In questo articolo, esploriamo le funzionalità di ciascuna di queste API e procediamo allo sviluppo di una semplice applicazione demo che verifica alcune regole di codifica Java su una serie di file di codice sorgente forniti come input. Questa utility mostra anche i messaggi di violazione della codifica e la posizione del codice sorgente violato come output. Considera una semplice classe Java che sovrascrive il metodo equals () della classe Object. La regola di codifica da verificare è che ogni classe che implementa il metodo equals () dovrebbe sovrascrivere anche il metodo hashcode () con la firma appropriata. Puoi vedere che la classe TestClass di seguito non definisce il metodo hashcode (), anche se ha il metodo equals ().

public class TestClass implements Serializable { int num; @Override public boolean equals(Object obj)  } 

Andiamo avanti e analizziamo questa classe come parte del processo di compilazione con l'aiuto di queste tre API.

Invocare il compilatore dal codice: l'API del compilatore Java

Usiamo tutti lo javacstrumento della riga di comando per compilare i file di origine Java in file di classe. Allora perché abbiamo bisogno di un'API per compilare i file Java? Ebbene, la risposta è abbastanza semplice: come descrive il nome, questa nuova API standard ci permette di richiamare il compilatore dalle nostre applicazioni Java; vale a dire, è possibile interagire in modo programmatico con il compilatore e quindi rendere la compilazione parte dei servizi a livello di applicazione. Di seguito sono elencati alcuni usi tipici di questa API.
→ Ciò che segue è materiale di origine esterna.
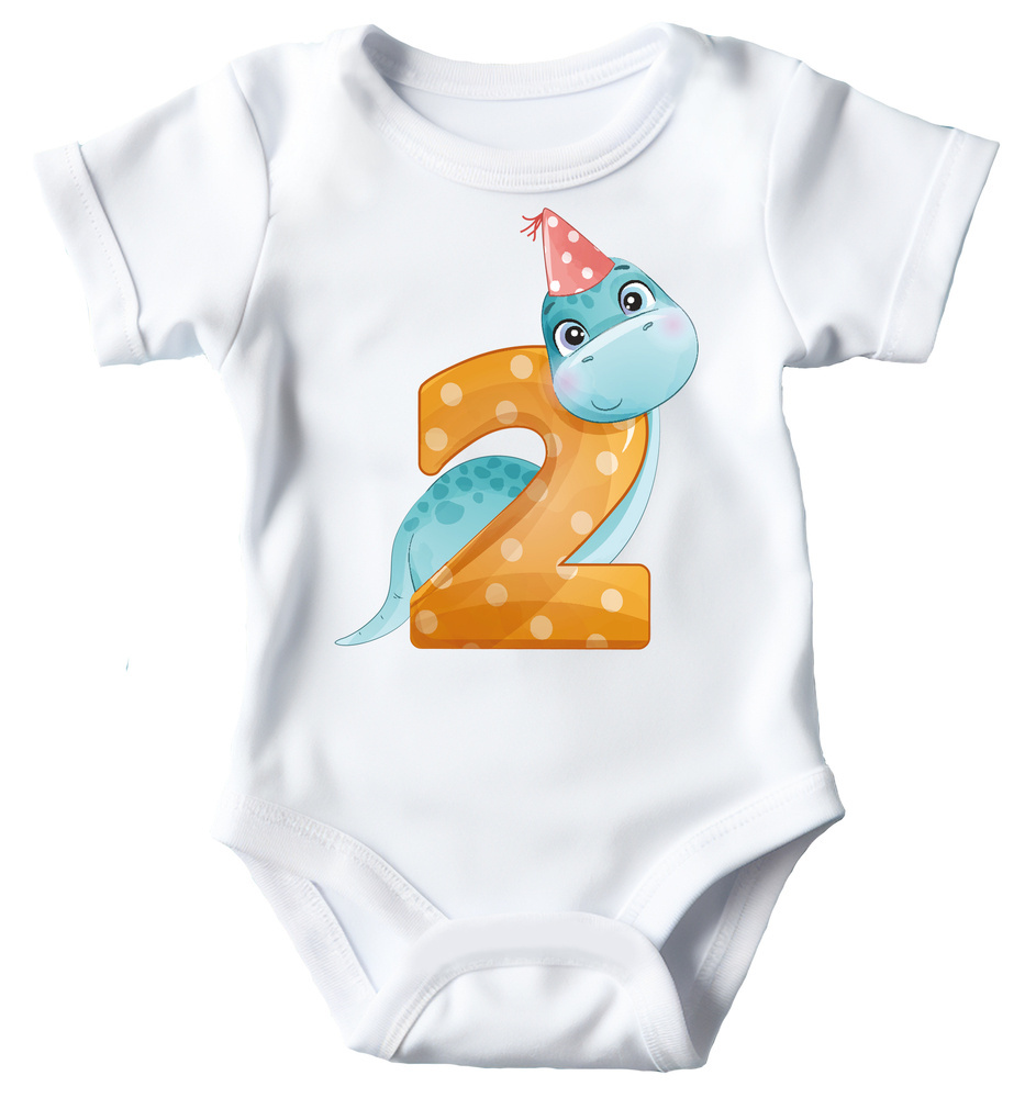 Body krótki rękaw "Urodziny Dino 2 latka" Moocha biały

  • L'API del compilatore aiuta i server delle applicazioni a ridurre al minimo il tempo impiegato per distribuire le applicazioni, ad esempio, evitando il sovraccarico dell'utilizzo di un compilatore esterno per la compilazione delle origini servlet generate dalle pagine JSP.

  • Strumenti per sviluppatori come IDE e analizzatori di codice possono richiamare il compilatore dall'interno dell'editor o creare strumenti che riducono notevolmente il tempo di compilazione.
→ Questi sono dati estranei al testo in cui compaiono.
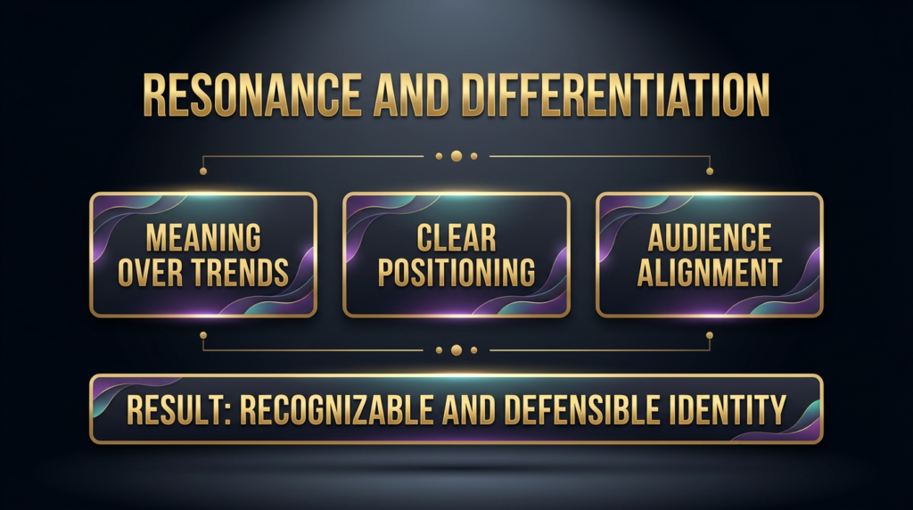 Yes—it emphasizes building around meaning rather than trends to create recognizable, defensible identity.

Le classi del compilatore Java sono contenute nel javax.toolspacchetto. La ToolProviderclasse di questo pacchetto fornisce un metodo chiamato getSystemJavaCompiler()che restituisce un'istanza di una classe che implementa l' JavaCompilerinterfaccia. Questa istanza del compilatore può essere utilizzata per creare un'attività di compilazione che eseguirà la compilazione effettiva. I file di origine Java da compilare verranno quindi passati all'attività di compilazione. Per questo, l'API del compilatore fornisce un'astrazione del file manager chiamata JavaFileManager, che consente di recuperare i file Java da varie origini, come il file system, i database, la memoria e così via. In questo esempio, utilizziamo StandardFileManagerun file manager basato su java.io.File. Il file manager standard può essere acquisito chiamando il getStandardFileManager()metodo diJavaCompileresempio. Di seguito è mostrato lo snippet di codice per i passaggi sopra indicati:

//Get an instance of java compiler JavaCompiler compiler = ToolProvider.getSystemJavaCompiler(); //Get a new instance of the standard file manager implementation StandardJavaFileManager fileManager = compiler. getStandardFileManager(null, null, null); // Get the list of java file objects, in this case we have only // one file, TestClass.java Iterable compilationUnits1 = fileManager.getJavaFileObjectsFromFiles("TestClass.java"); 

Un ascoltatore diagnostico può essere facoltativamente passato al getStandardFileManager()metodo per produrre rapporti diagnostici di eventuali problemi non fatali. In questo frammento di codice, passiamo nullvalori, poiché non stiamo raccogliendo la diagnostica dallo strumento. Per i dettagli sugli altri parametri passati a questi metodi, fare riferimento all'API Java 6. Il getJavaFileObjectsfromFiles()metodo StandardJavaFileManagerrestituisce tutte le JavaFileObjectistanze che corrispondono ai file di origine Java forniti.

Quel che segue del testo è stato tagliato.